** Supplied material follows **

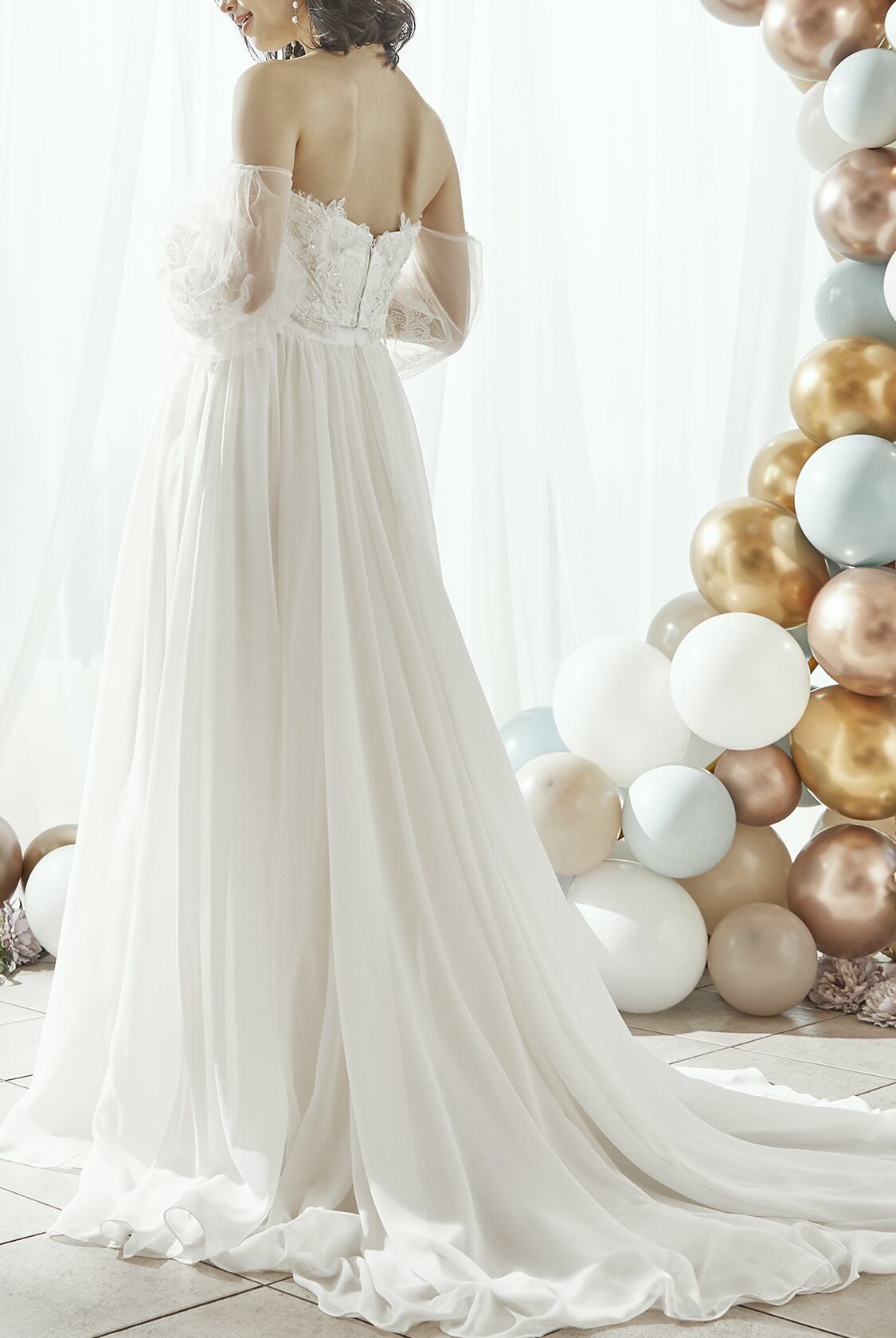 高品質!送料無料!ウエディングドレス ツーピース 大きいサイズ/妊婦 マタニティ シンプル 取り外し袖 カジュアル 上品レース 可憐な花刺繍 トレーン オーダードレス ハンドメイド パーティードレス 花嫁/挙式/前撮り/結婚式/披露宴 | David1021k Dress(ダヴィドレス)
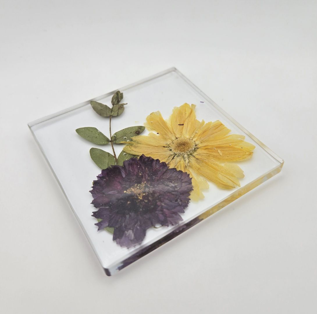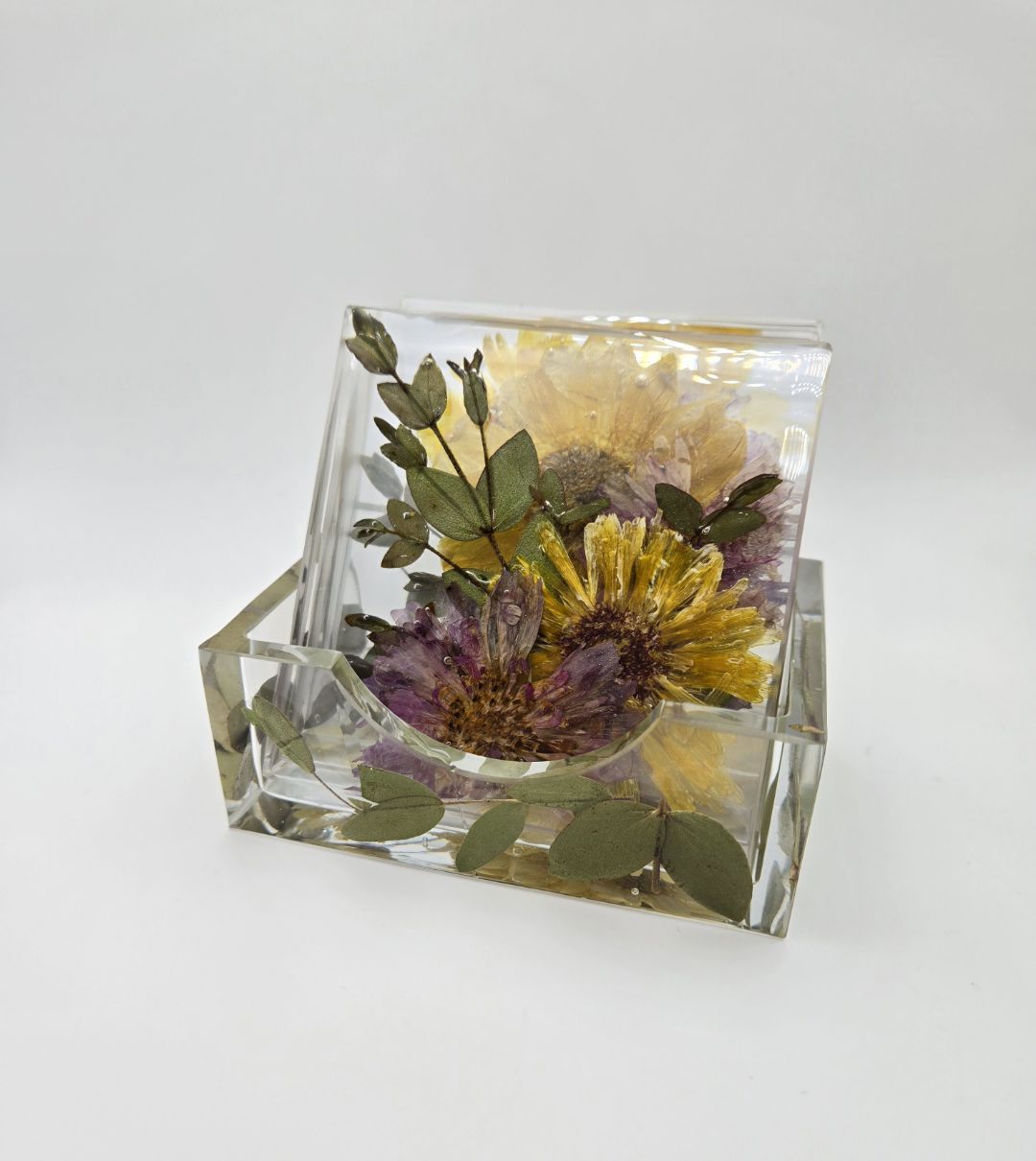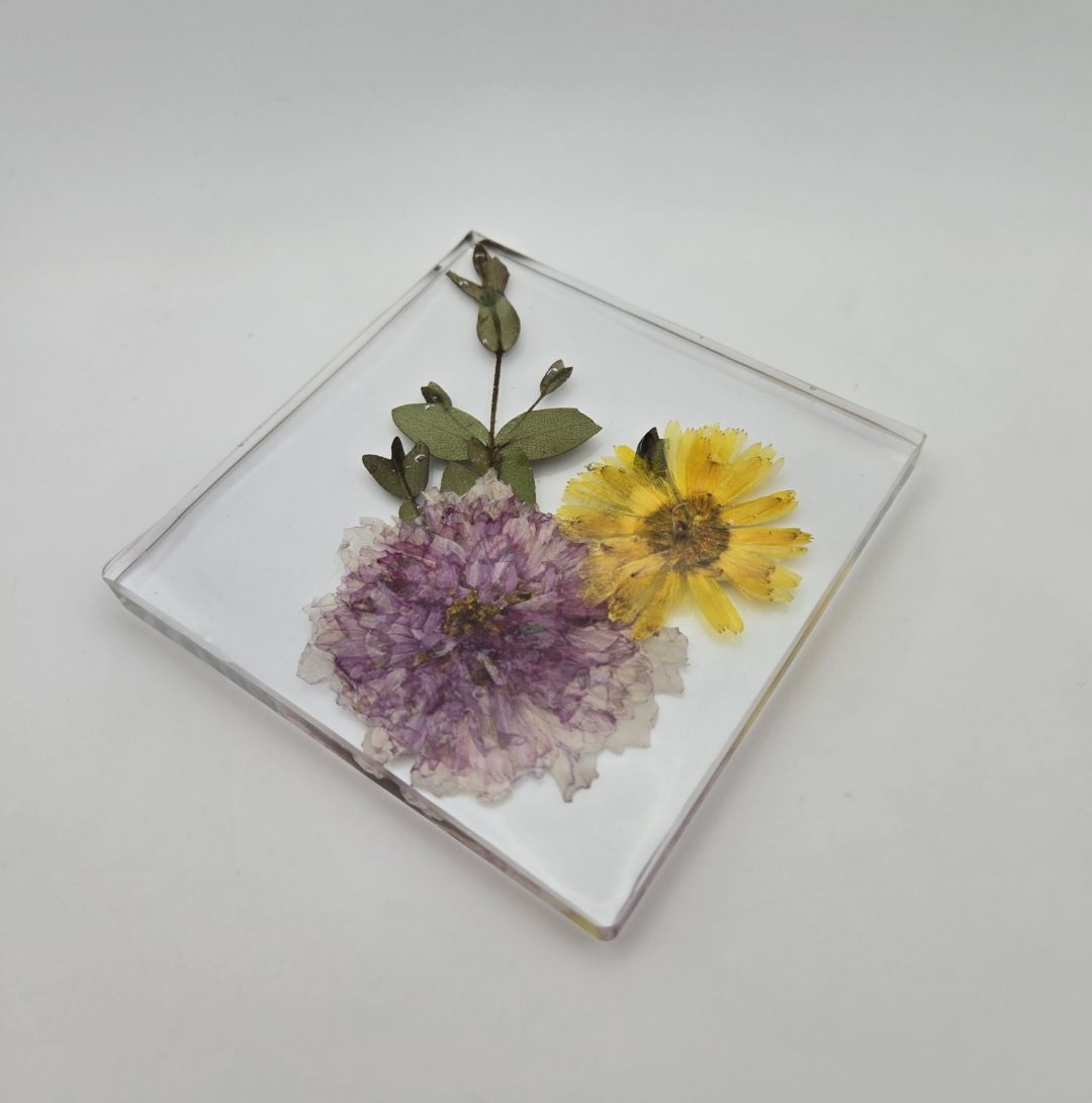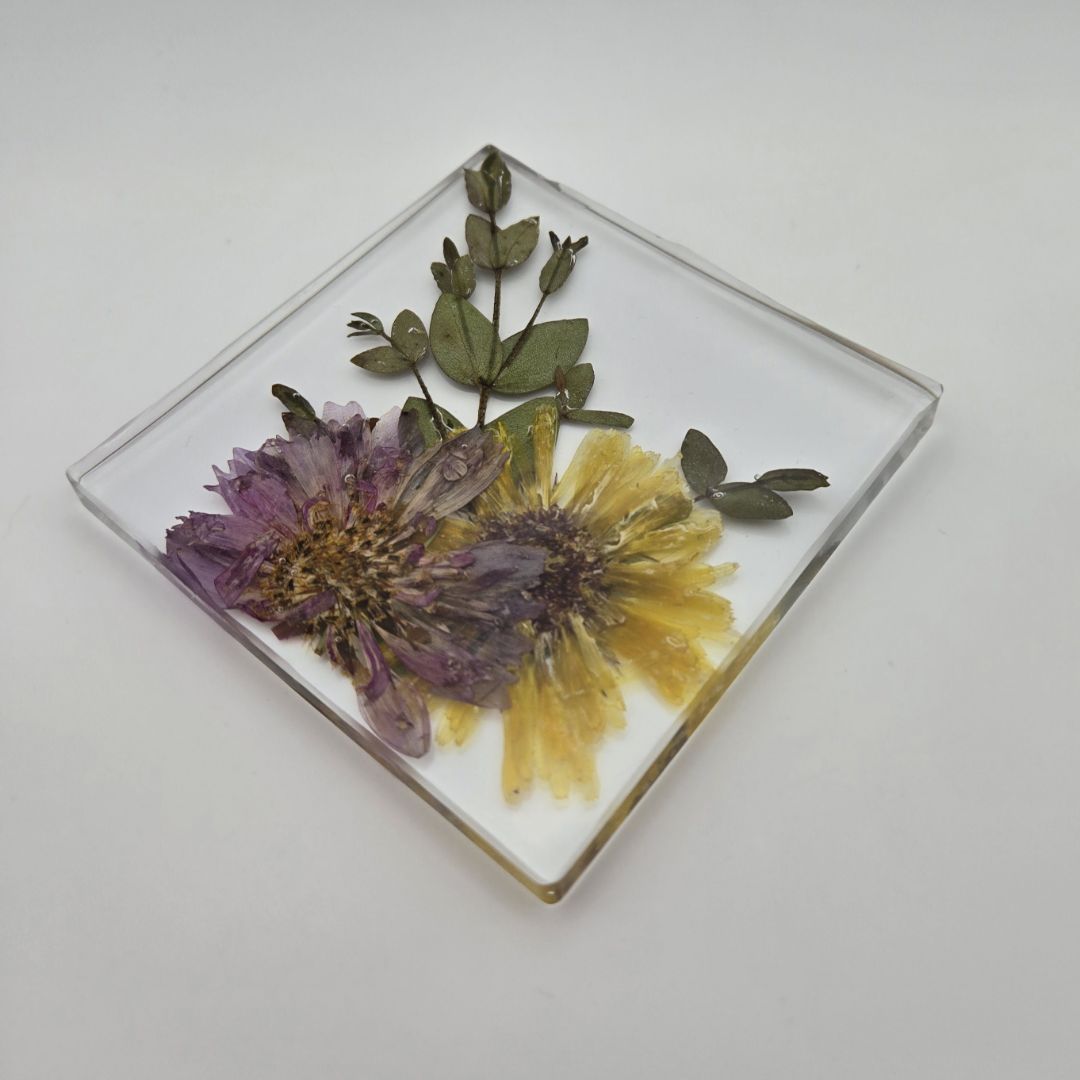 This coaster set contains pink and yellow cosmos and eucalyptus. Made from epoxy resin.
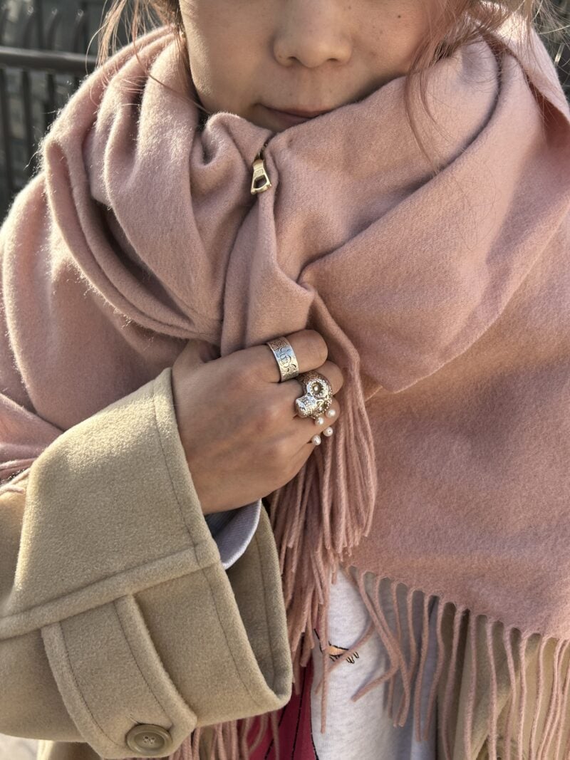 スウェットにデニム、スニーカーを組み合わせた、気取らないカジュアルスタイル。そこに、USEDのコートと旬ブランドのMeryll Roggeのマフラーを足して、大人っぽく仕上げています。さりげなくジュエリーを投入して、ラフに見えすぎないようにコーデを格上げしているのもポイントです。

** End of Supplied material **

Assignment
Repeat all of the material above exactly, leaving out pictures.

Response below
 高品質!送料無料!ウエディングドレス ツーピース 大きいサイズ/妊婦 マタニティ シンプル 取り外し袖 カジュアル 上品レース 可憐な花刺繍 トレーン オーダードレス ハンドメイド パーティードレス 花嫁/挙式/前撮り/結婚式/披露宴 | David1021k Dress(ダヴィドレス)
 This coaster set contains pink and yellow cosmos and eucalyptus. Made from epoxy resin.
 スウェットにデニム、スニーカーを組み合わせた、気取らないカジュアルスタイル。そこに、USEDのコートと旬ブランドのMeryll Roggeのマフラーを足して、大人っぽく仕上げています。さりげなくジュエリーを投入して、ラフに見えすぎないようにコーデを格上げしているのもポイントです。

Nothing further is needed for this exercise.